By Lemma 5.4, for \(y\in B_R\) and \(|x|\geqslant 2R\) we get

$$\begin{aligned} U(x-y)\leqslant 2^dC_{15}|x|^{-d}V^2(|x|). \end{aligned}$$

Hence, by Lemma 5.5,

$$\begin{aligned} \mathbb {P}^x(\tau _{\overline{B}^c_R}<\infty )\leqslant 2^dC_{15}|x|^{-d}V^2(|x|){{\mathrm{{ {Cap}}}}}(\overline{B_R})\leqslant 2^dC_{15}C_{16} \frac{R^{d}V^2(|x|)}{|x|^{d}V^2(R)}. \end{aligned}$$

Since \([R^{d}V^2(|x|)]/[|x|^{d}V^2(R)]\geqslant 2^{-d}\), for \(|x|\leqslant 2R\) we have

$$\begin{aligned} \mathbb {P}^x(\tau _{\overline{B}^c_R}<\infty )\leqslant 2^d(C_{15}C_{16}+1) \frac{R^{d}V^2(|x|)}{|x|^{d}V^2(R)}, \quad |x|>R. \end{aligned}$$

To prove the second claim we use Lemma 5.6 and 5.7 above instead of 5.4 and 5.5. \(\square \)

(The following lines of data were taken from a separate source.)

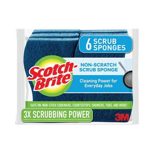 Non-scratch Multi-purpose Scrub Sponge, 4.4 X 2.6, 0.8" Thick, Blue, 6/pack
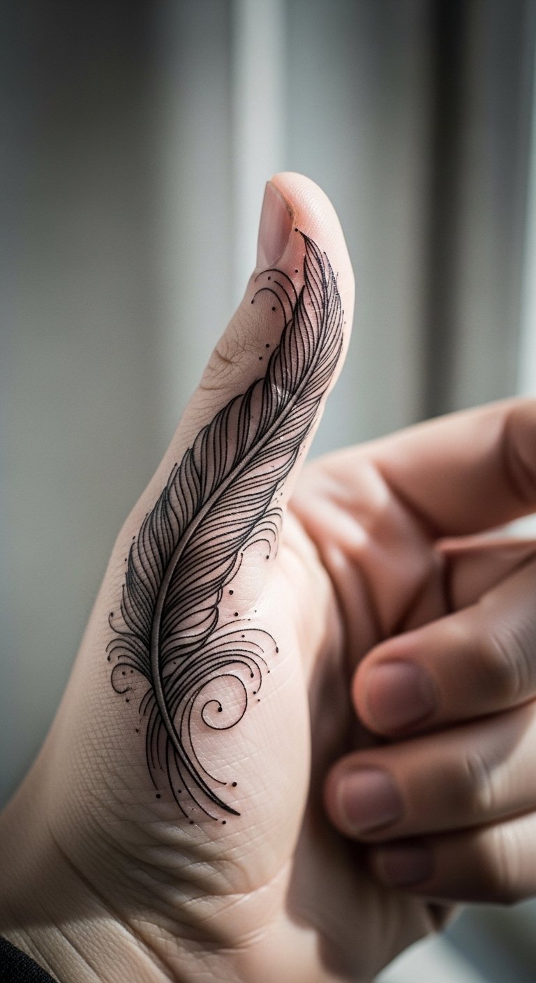 Think about starting with a basic black outline feather on your hand. It looks clean and fits any style. You get a tattoo that says freedom without much fuss. Pick a spot like your finger or palm for easy hiding. Go to a local shop during off-peak hours to save money. Ask for a small design to keep costs under $50. Try sketching it first on paper with a pen. This helps you see how it flows. Wear it daily and watch how it adds a touch of grace. Clean the area with soap and water before going in. Choose an artist who uses fresh needles for safety. This way, you avoid issues later. Add a personal twist, like a small bird next to it. It makes the tattoo your own story. Keep sessions short to handle any discomfort. After, protect it with lotion from your cabinet. Simple choices like this make tattooing fun and affordable.
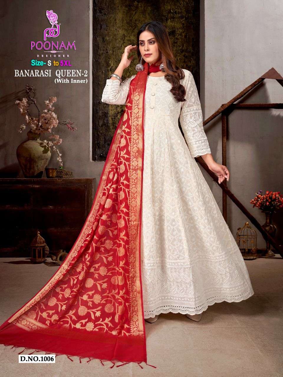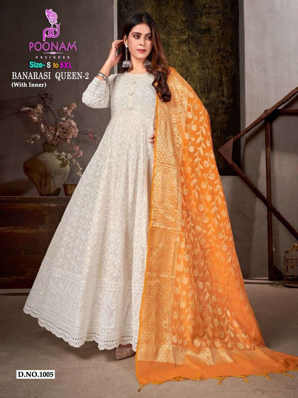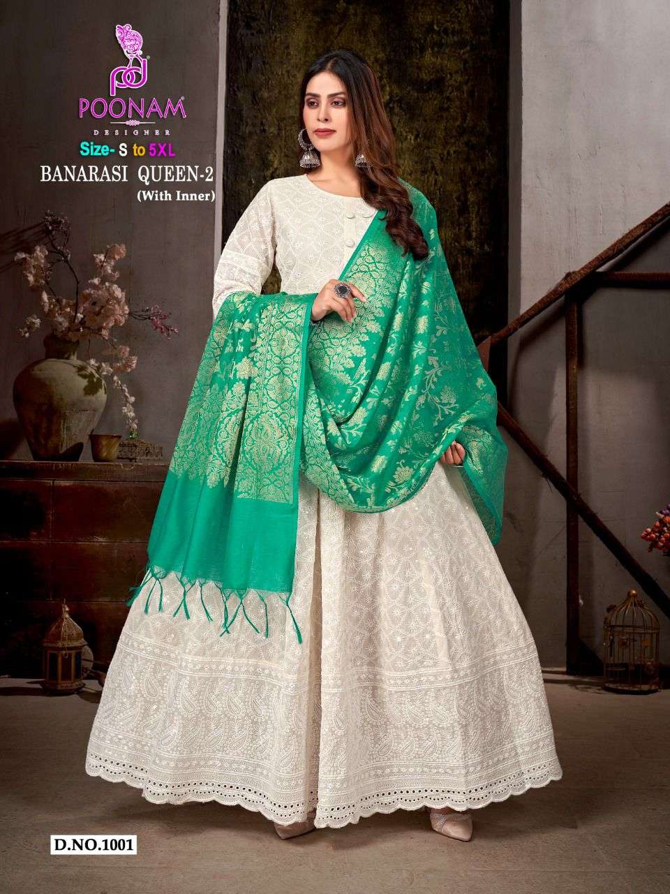 poonam banarasi queen vol 2 chikan work white gown with dupatta exports best shipping rate
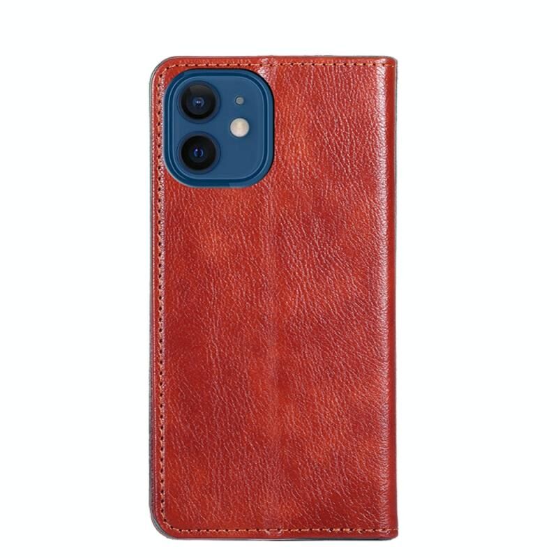 Θήκη δέρματος με οριζόντιο άνοιγμα, μαγνητικό κλείσιμο για iPhone 13 mini, από PU + TPU, γυαλιστερό λάδι, μονόχρωμη, με βάση & θήκη καρτών & πορτοφόλι (Καφέ)
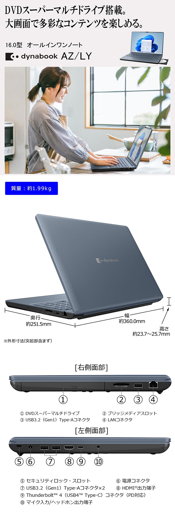Toggle【商品の説明】新品 ノートパソコン PC dynabook AZ/LY 16型 Windows11 CPU Intel 13世代 Core i5-1334U メモリ 16GB SSD 512GB 無線LAN Wi-Fi6 Office Home & Business 2024

The following result is important in Sect. 6.

Corollary 5.9

If \(d\geqslant 3\), then \(c=c(d)\) exists such that

$$\begin{aligned} \mathbb {P}^x(\tau _{\overline{B}^c_R}=\infty )\geqslant 1/2, \qquad |x|\geqslant c R. \end{aligned}$$

If \({\overline{\alpha }}<d\leqslant 2\) and \(\psi \in \)WUSC(\({\overline{\alpha }},0,{\overline{C}}\)), then the above inequality holds with \(c=c(d,{\overline{\alpha }},{\overline{C}})\).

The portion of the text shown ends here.